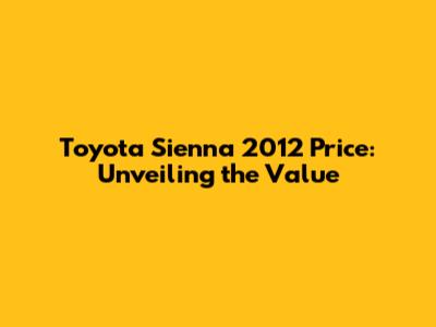 Toyota Sienna 2012 Price: What You Need To Know
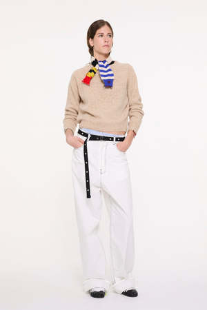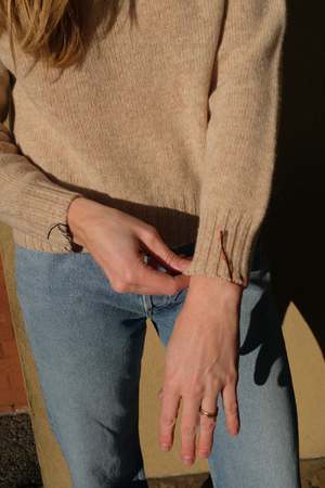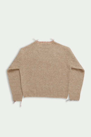 Crew neck sweater with ribbed details at the hem, neckline, and cuffs. Hand-embroidered in the LA FETICHE Glasgow studio using surplus yarns. Details: - 100% supersoft Shetland wool - Made in Scotland Care: When washing, use lukewarm water and a mild non-bio detergent. Adding a touch of hair conditioner will help restore softness and sheen. Gently submerge and swirl the knit, then press out the excess water without twisting or spinning, as this can cause felting and shrinkage. Lay the garment flat on a towel or clean surface to dry, reshaping it carefully. Avoid hanging, as the weight of the water can stretch the fibres. If needed, iron on a low setting, placing a thin cloth between the iron and the knit. To keep your sweater looking its best, we recommend using a fabric shaver or a sweater stone. Glide it lightly just above the surface, never pressing down, to remove only the loose fibres without damaging the knit. After one or two gentle treatments, the yarn settles beautifully and pills much less. About the brand: LA FETICHE was created by April Crichton and Orly Forestier in 2017 to make joyful, irreverent everyday clothing to treasure, blending French chic and British eccentricity and celebrating local French and Scottish manufacturing skills in collaboration with traditional artisans.
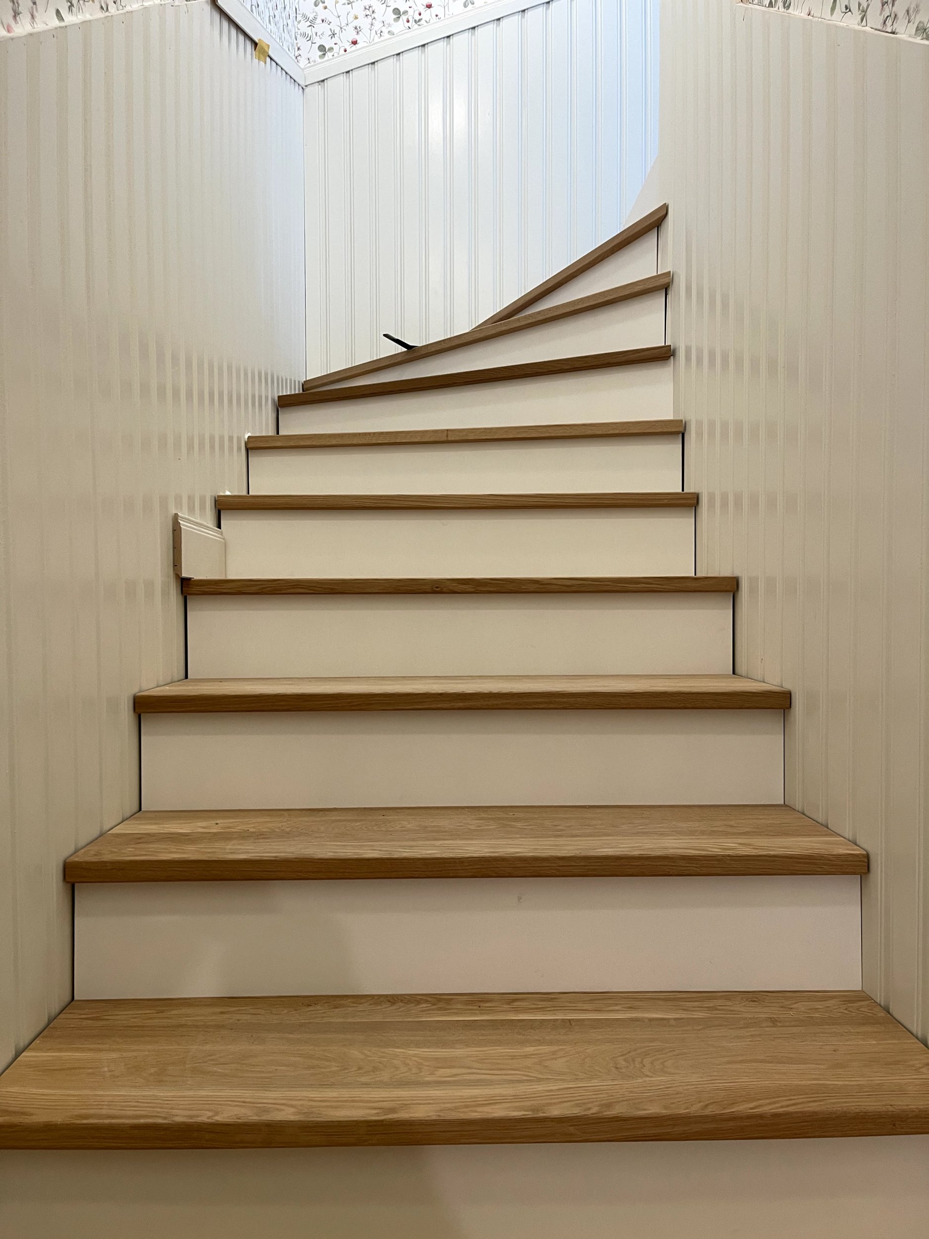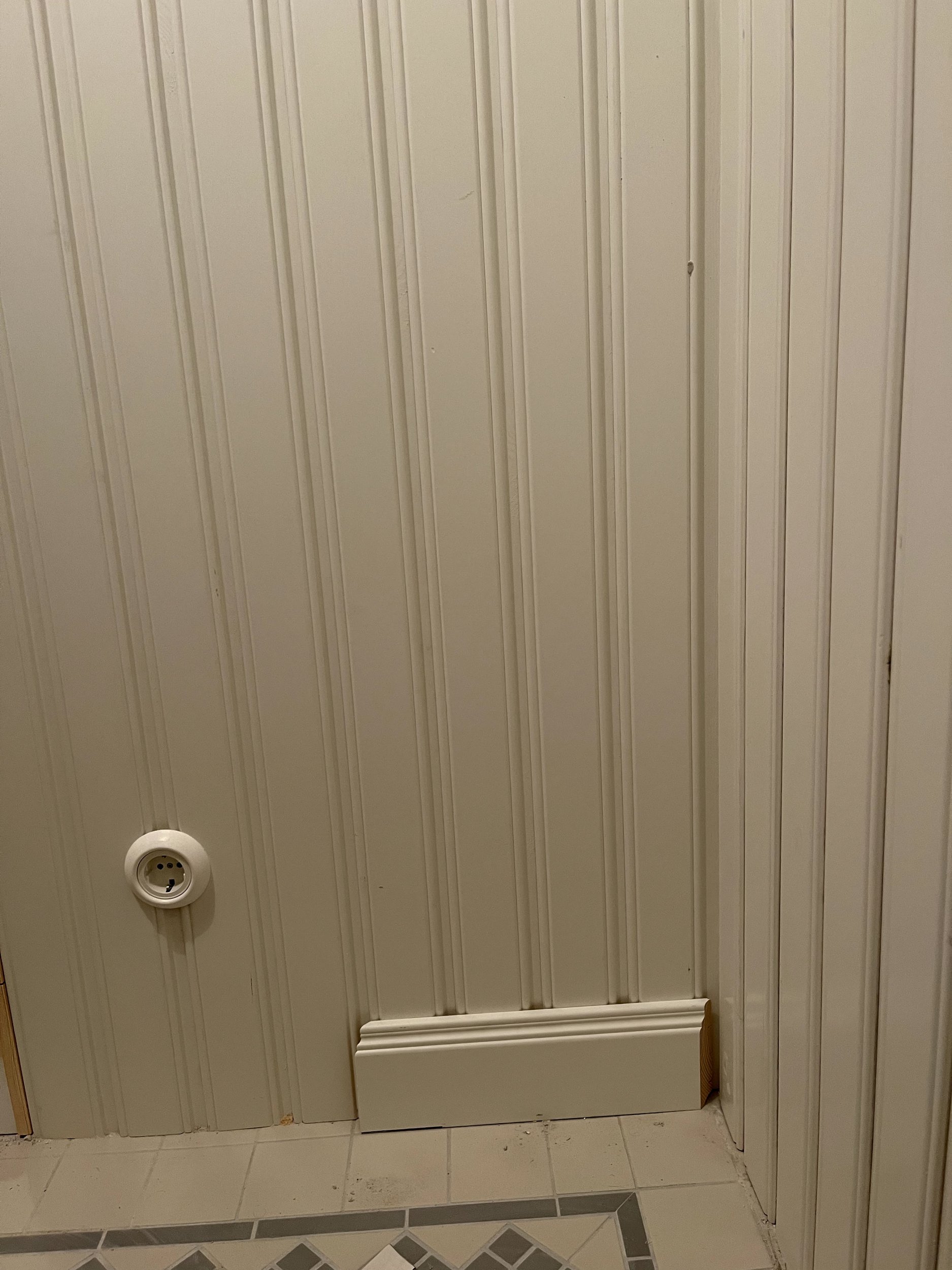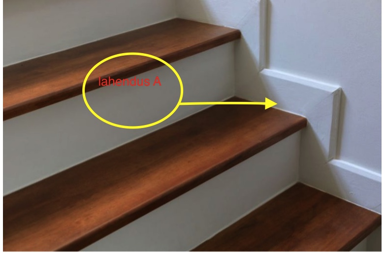 Trepiastmete ja seinalaudise vahelise prao viimistluslahendus - + umbes 6 m põrandaliistu paigaldus.

···

→ **WHAT TO PRODUCE**:
Word for word, restate the material above; do not carry over the pictures.

→ **EXERCISE OUTPUT**:
 Toyota Sienna 2012 Price: What You Need To Know
 Crew neck sweater with ribbed details at the hem, neckline, and cuffs. Hand-embroidered in the LA FETICHE Glasgow studio using surplus yarns. Details: - 100% supersoft Shetland wool - Made in Scotland Care: When washing, use lukewarm water and a mild non-bio detergent. Adding a touch of hair conditioner will help restore softness and sheen. Gently submerge and swirl the knit, then press out the excess water without twisting or spinning, as this can cause felting and shrinkage. Lay the garment flat on a towel or clean surface to dry, reshaping it carefully. Avoid hanging, as the weight of the water can stretch the fibres. If needed, iron on a low setting, placing a thin cloth between the iron and the knit. To keep your sweater looking its best, we recommend using a fabric shaver or a sweater stone. Glide it lightly just above the surface, never pressing down, to remove only the loose fibres without damaging the knit. After one or two gentle treatments, the yarn settles beautifully and pills much less. About the brand: LA FETICHE was created by April Crichton and Orly Forestier in 2017 to make joyful, irreverent everyday clothing to treasure, blending French chic and British eccentricity and celebrating local French and Scottish manufacturing skills in collaboration with traditional artisans.
 Trepiastmete ja seinalaudise vahelise prao viimistluslahendus - + umbes 6 m põrandaliistu paigaldus.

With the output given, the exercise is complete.